To my mind, 15 - 20mph in urban areas is that compromise.
It allows practical vehicle use, while also respecting the rights of other road users - especially pedestrians and cyclists - to exist and move about without significantly elevated risk.
The idea that some people should be granted the ability to move through shared space at speeds that make them dangerous beyond anyone else simply because they're encased in a car is not just unfair - it creates noisy, dangerous, and ultimately unliveable environments.
My problem with the 20mph speed limits in the UK is that they seem to be imposed fairly randomly.

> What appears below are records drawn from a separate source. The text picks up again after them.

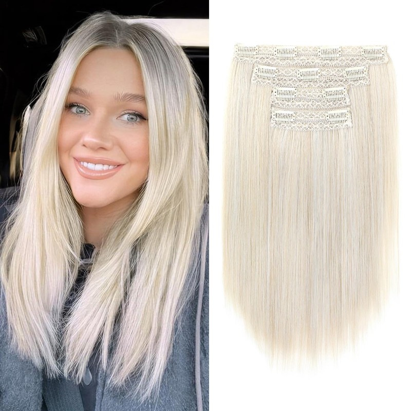 NTYNTY Hair Extensions, 14" Short Clip in Hair Extensions 4PCS Straight Blonde Hair Extensions Natural Soft Synthetic Hairpiece for Women - Pearl Blonde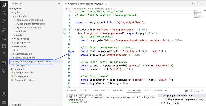 在下方截图中,你可看到系统已生成名为negative-wrong-password.spec.ts的测试文件(.spec文件)。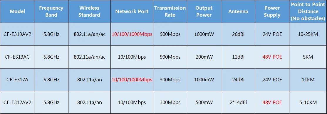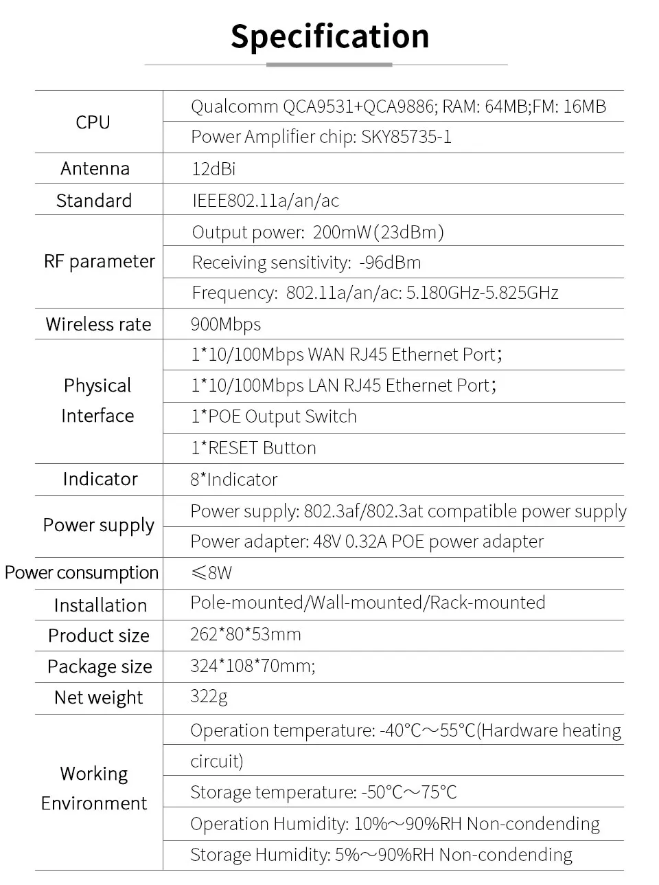 10 ventajas Transmisión de larga distancia de 11 km Antena de 26 dBi Potencia de transmisión de 60 dBm Nivel de protección IP65 Fuente de alimentación flexible PoE Antiinterferencias de 5,8 GHz Ocultar SSID Chip Qualcomm PA de alta potencia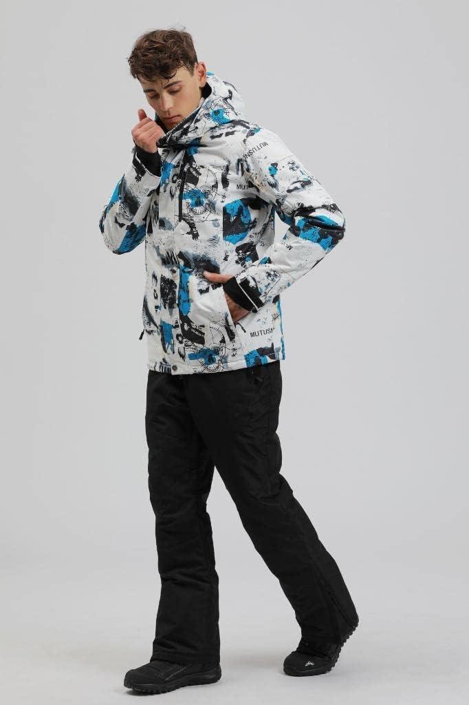 Men’s Winter Windproof Waterproof Snowsuit Snowboard Jacket and Ski Pants for Snow Sport(White)
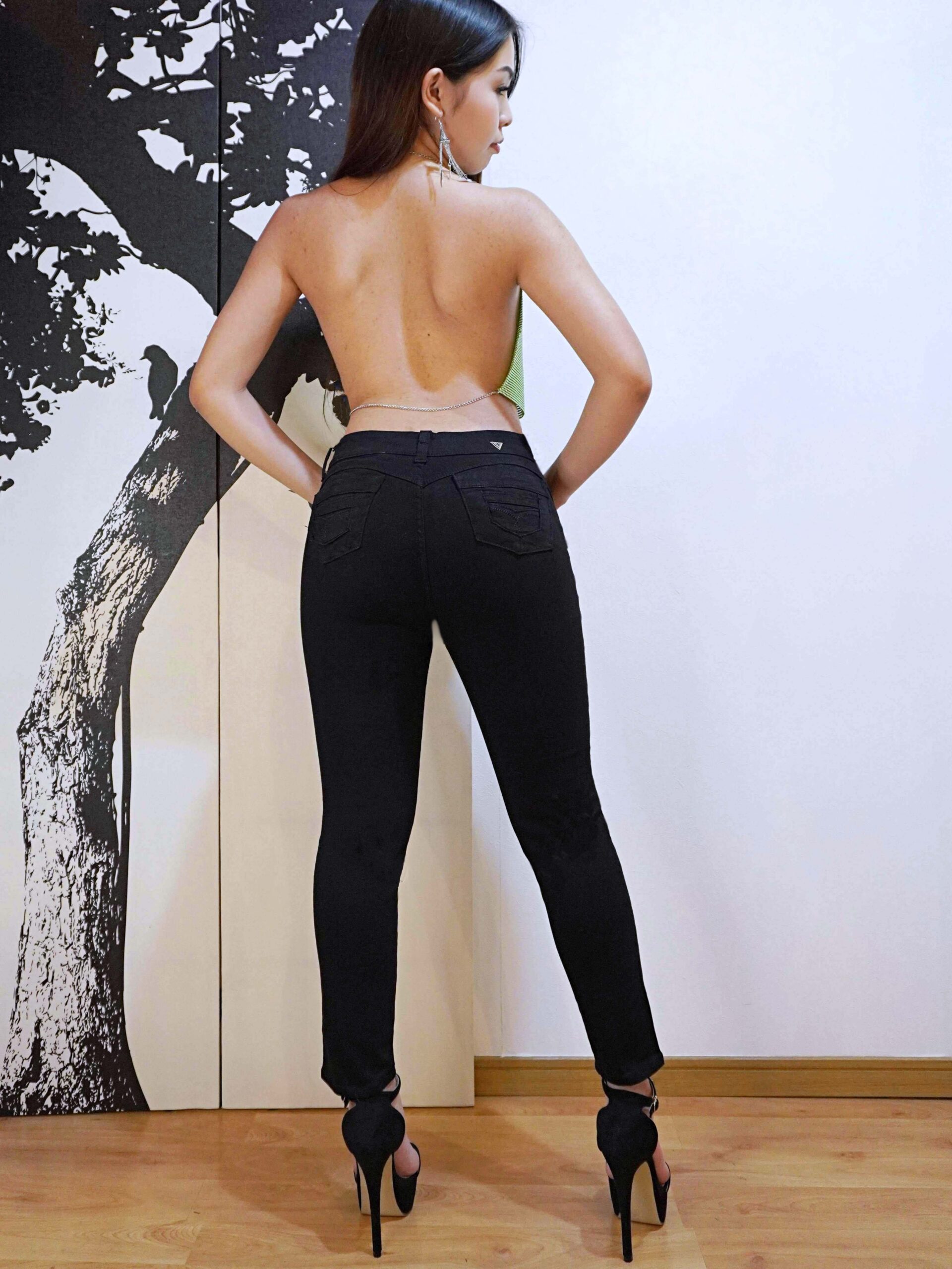 美しいヒップラインを演出するブラックスキニーデニム。
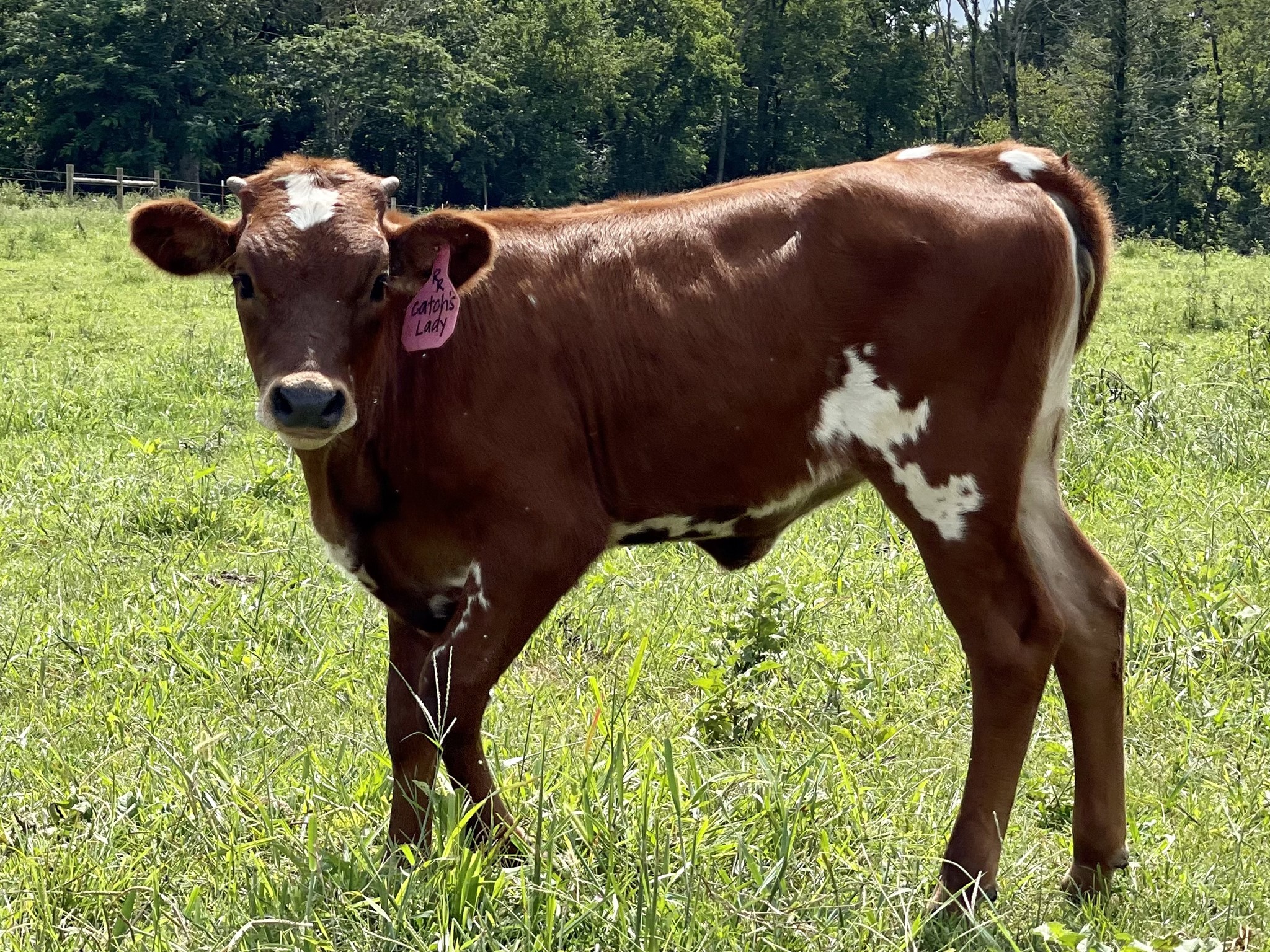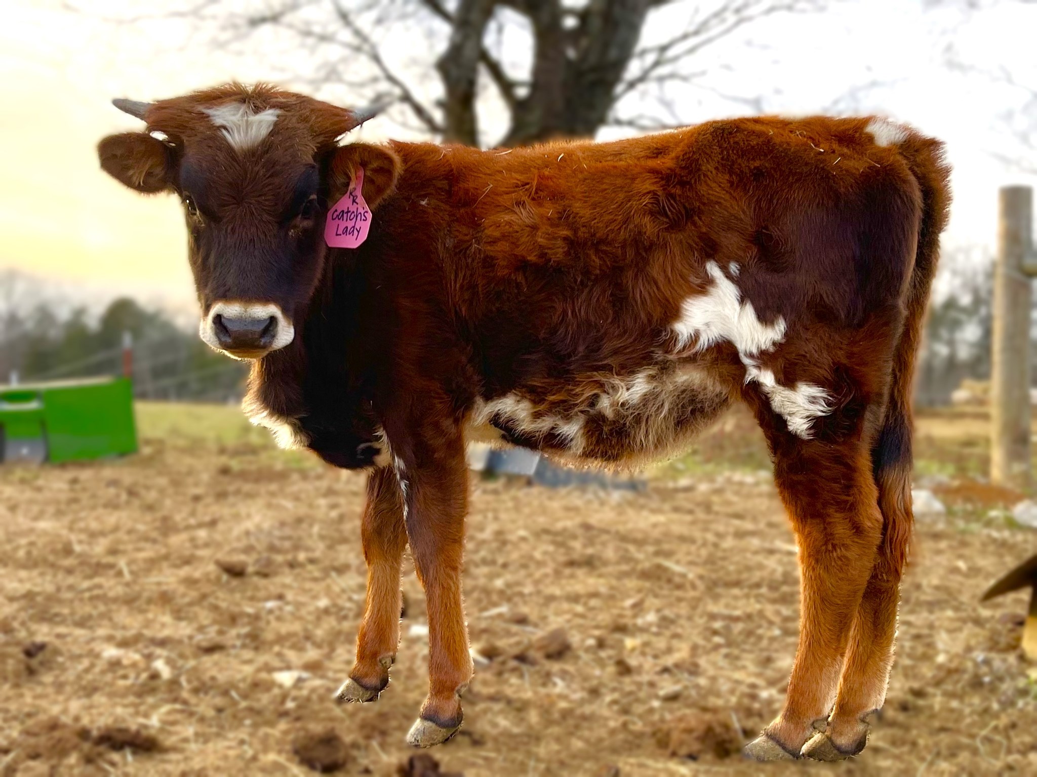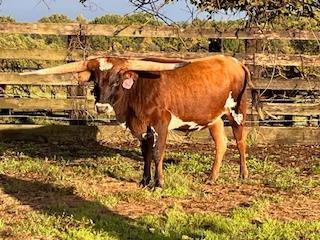 This beautifully colored lovely lady is built like a tank, has an outstanding pedigree and comes from a VINDICATOR daughter with almost 90" TTT. Putting on almost 28" of horn in less than a year, she proves to be following in her dam's footsteps, even after breaking off almost 4" of horn. Aside from her extremely docile temperament, love of being hand fed and great conformation, her pedigree is the icing on the cake! On bottom, she brings in WS Jamakizm, ECR Eternal Tari ( a daughter of the GREAT TARI GRAVES FM 49), VJ Tommie (Unlimited), Gunman and JR Sequential to name a few. On top, her sire Catch brings in Expedite, Drag Iron, BL Rio Catchit, a line of the Horseshoe J cows, Bwana Chex and the three Chex brothers Cowboy Catchit Chex, Cowboy Chex and Cowboy Up Catch. She would definitely be a pleasure to watch mature and look forward to her future offspring, especially if you are looking to add horn in your program!

There are many cases where wide roads with good visibility and few pedestrians crossing have 20mph limits. In one egregious case I experienced recently near identical stretches of the same road (it was a main road, I think an A road, passing through a built up area) switched between 20 and 30 mph limits. If anything it created a significant distraction keeping track of the limits.
There are a number of other roads like that have 20mph limits. On the other hand narrower side roads in the same areas has 30mph limits.
My road has a 20mph limit. On the bit I live on it makes no difference - narrower, parked cars etc. means you drive very slow anyway. Further down the road is broader and clearer. I think the reason maybe to encourage people to use the bypass instead of driving through the village so it may be reasoned- although I suspect the speed bumps are more effective at doing that.
20-to-30 causes a step change in pedestrian outcomes, so no, the logical conclusion isn't 0mph. Also the average speed on 30mph roads before the changeover was around 20mph.
It improves traffic flow and reduces pollution too.
My only objection is that it's been applied in a somewhat blind way. Long sections of road with no houses and no reported accidents should probably be 30, or even 40mph.
I think we do in practice apply 0mph (i.e. banning cars) in some major cities, turning roads into pedestrian areas! 0mph happens!
It's obviously a trade between various participants, who have their own interests. 30km/h limits have had good success. If people think the number of fatalities is a problem, there's a solution waiting for you.
Speed, of course, affects not just how many accidents there are but also how bad they are. A key argument for 20mph is that collisions with pedestrians at this speed are mostly survivable. https://publications.parliament.uk/pa/cm200102/cmselect/cmtl...
But without transport significantly more people will die from other things, due to reduced access to healthcare, employment, food, etc.
In a modern society, road transport is a critical part of our life support system. Those pushing for a what they see as a car-free utopia tend to ignore this.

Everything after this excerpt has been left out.